By APD writer Alice
The COVID-19 crisis has shrunk the job market in India significantly, leaving a huge surplus of labor and putting great pressure on the salary and bonus regimes as well as working conditions. Millions of migrant workers who left cities as they lost their jobs due to a nationwide lockdown have now returned but are facing countless difficulties.
Seema Kumar, a young beauty salon worker, just returned to Hyderabad after eight months working in the fields at home. She is among an estimated 121 million people in India who lost their jobs after the government imposed the nationwide lockdown in March to control the spread of the pandemic.
But unlike the difficulties she often faced in the city like finding a boarding house or negotiating working hours, this time her worries are different. Kumar returned to work at the same beauty salon that had hired her for the past three years with no commitment to a fixed salary.
Instead of the usual salary of 8,500 rupees (nearly 120 USD) per month, Kumar will only be paid for effective working days such as weekends, festivals or other days with many customers. Despite her worries, Kumar knows that she was one of eight female employees working at the salon before closing, and is now lucky to be one of the only two "senior" employees called back to work.
Kumar's story is no exception. A new survey of more than 1,600 large-scale manufacturing and service employers conducted by non-profit Pratham shows job vacancies with attractive remuneration to attract migrant workers back does not reflect the whole story. In contrast, in the post-pandemic period, workers are even more vulnerable.
Workers in India are accustomed to not having a regular source of income. Less than 20% of the country's workforce of more than 500 million is counted as salaried workers, while the rest work in the informal sector. In early August 2020, an estimated two-thirds of migrant workers wanted to return to cities, when jobs in rural areas became scarce and agricultural incomes were not stable, pushing many people into debt. But ironically, when they returned to cities and towns, chances for them have changed.
In the healthcare sector, after a lull in April and May, private facilities recruited staff again. For low-level employees (less than 2 years of experience), the salary is almost unchanged, about 7,500 rupees (102 USD) in hospitals and 10,000 rupees (137 USD) in family care facilities. Wages have not risen, welfare benefits, including housing and transportation, have improved marginally, but working hours have skyrocketed, plus increasing occupational risks.
Meanwhile, the service industry takes a long time to recover. In terms of tourism, out of 1,176 hotels surveyed, only 45% are still operating while many others have closed. Furthermore, only 5% of all surveyed hotels have started hiring employees, but most operate at a significantly reduced capacity.
The beauty care sector in India has also seen a similar impact on job opportunities, with only 28% of employers surveyed wanting to recruit employees but the majority having much lower demand than in previous years. Not surprisingly, this sector has had a markedly falling salary offerings. The average salary for new comers has dropped from 5,860 rupees to 4,800 rupees - a 15 percent decrease from pre-pandemic levels.

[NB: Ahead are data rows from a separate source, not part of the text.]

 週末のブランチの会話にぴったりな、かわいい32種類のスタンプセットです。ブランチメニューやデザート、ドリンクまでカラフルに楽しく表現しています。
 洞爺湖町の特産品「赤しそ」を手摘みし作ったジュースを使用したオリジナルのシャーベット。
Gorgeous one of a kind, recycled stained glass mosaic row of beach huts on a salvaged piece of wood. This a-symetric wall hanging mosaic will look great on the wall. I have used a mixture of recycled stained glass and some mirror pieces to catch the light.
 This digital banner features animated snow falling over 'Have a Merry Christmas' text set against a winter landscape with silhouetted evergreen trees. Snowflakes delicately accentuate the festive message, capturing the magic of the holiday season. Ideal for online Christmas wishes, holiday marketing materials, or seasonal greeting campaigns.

Although the production facilities have yet to reach the same production capacity as before, they have resumed recruitment. 51% of the 156 questioned employers said they are recruiting at an increased scale from the pre-lockdown level, and 29% are recruiting at a scale similar to the pre-pandemic level.
Many places have applied an average monthly bonus of 500 rupees, while some manufacturing centers such as Pune and Noida, which are in a severe shortage of workers, offer higher bonuses, about 1,000 rupees per month. Furthermore, businesses have also started to slightly increase subsidies on travel and accommodation.

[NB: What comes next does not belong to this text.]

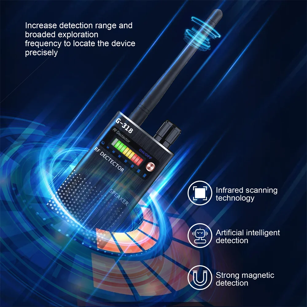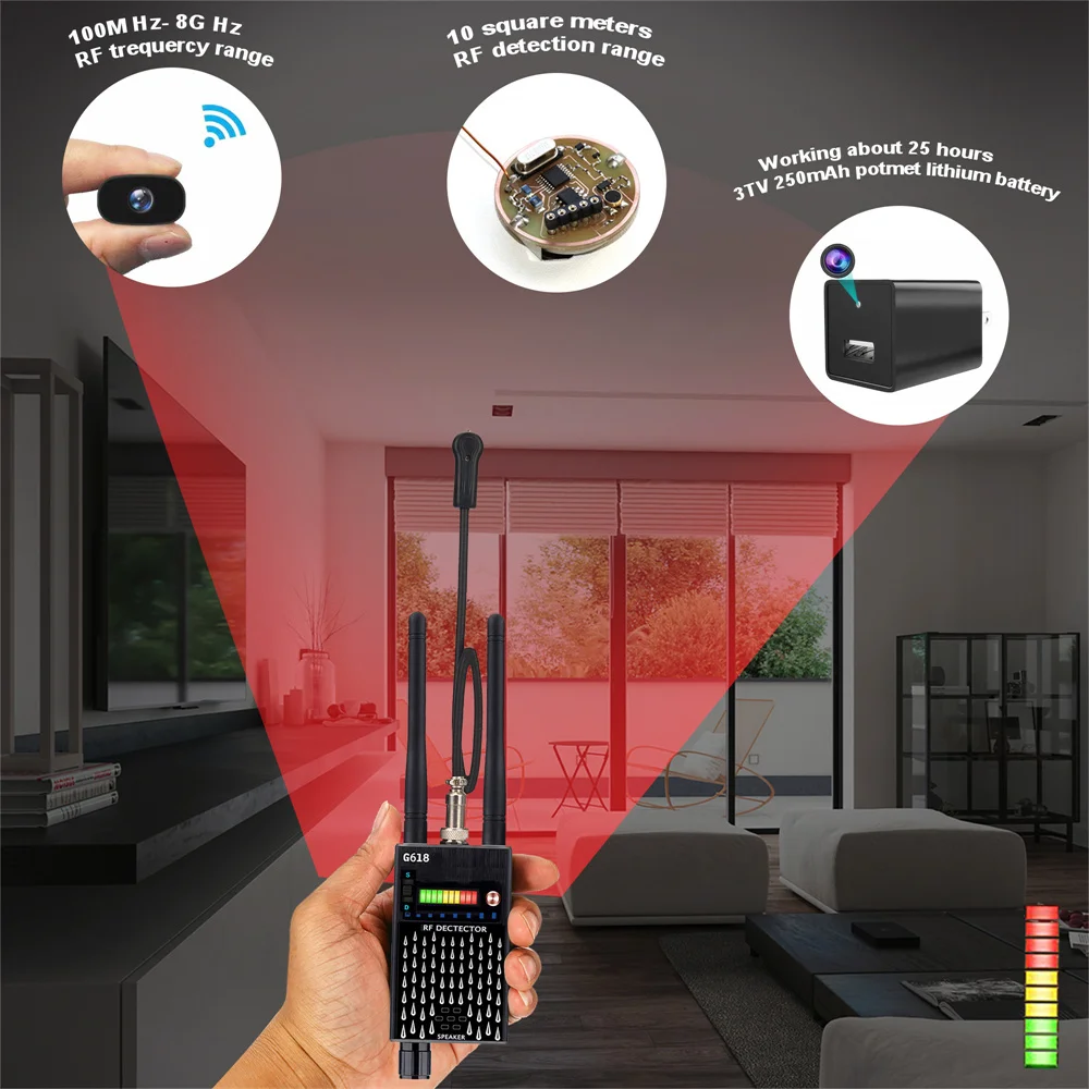 تم تجهيز كاشف الكاميرات المخفية بزوج من الهوائيات لتعزيز الأداء. تم تصميمه لحماية الخصوصية الشخصية من خلال تحديد كاميرات Wi-Fi المخفية، أجهزة تنصت الهواتف المحمولة، أجهزة تتبع GPS، وأجهزة التنصت الصوتي اللاسلكية. حجمه الصغير يجعله سهل الحمل في أي مكان، سواء كنت مسافرًا، تتحقق في فندق، أو في مكتب.

However, employers only seem to want to provide these benefits informally (not under contract) or through short-term contracts. This signals that these may be only temporary changes.
In terms of health, COVID-19 has the strongest impact on the elderly population, but economically, the pandemic affects the young most severely. When the economy reopened, two distinct changes could be identified.
First, the experienced workers are prioritized more than the young, inexperienced ones. Second, as the job market shrinks, labor surplus puts pressure on reducing wages and working conditions, making employment more informal and workers more vulnerable.
This is unlikely to be a good sign for a country with the largest young workforce in the world like India.
The Indian government has quickly announced skills development initiatives for migrant workers. However, if the multifaceted uncertainty caused by the lack of social security benefits, comprehensive financing and practical skills is not addressed, the economic consequences will continue to weigh on the shoulders of millions of migrants and threaten the prospects of economic recovery in India in the post-pandemic era.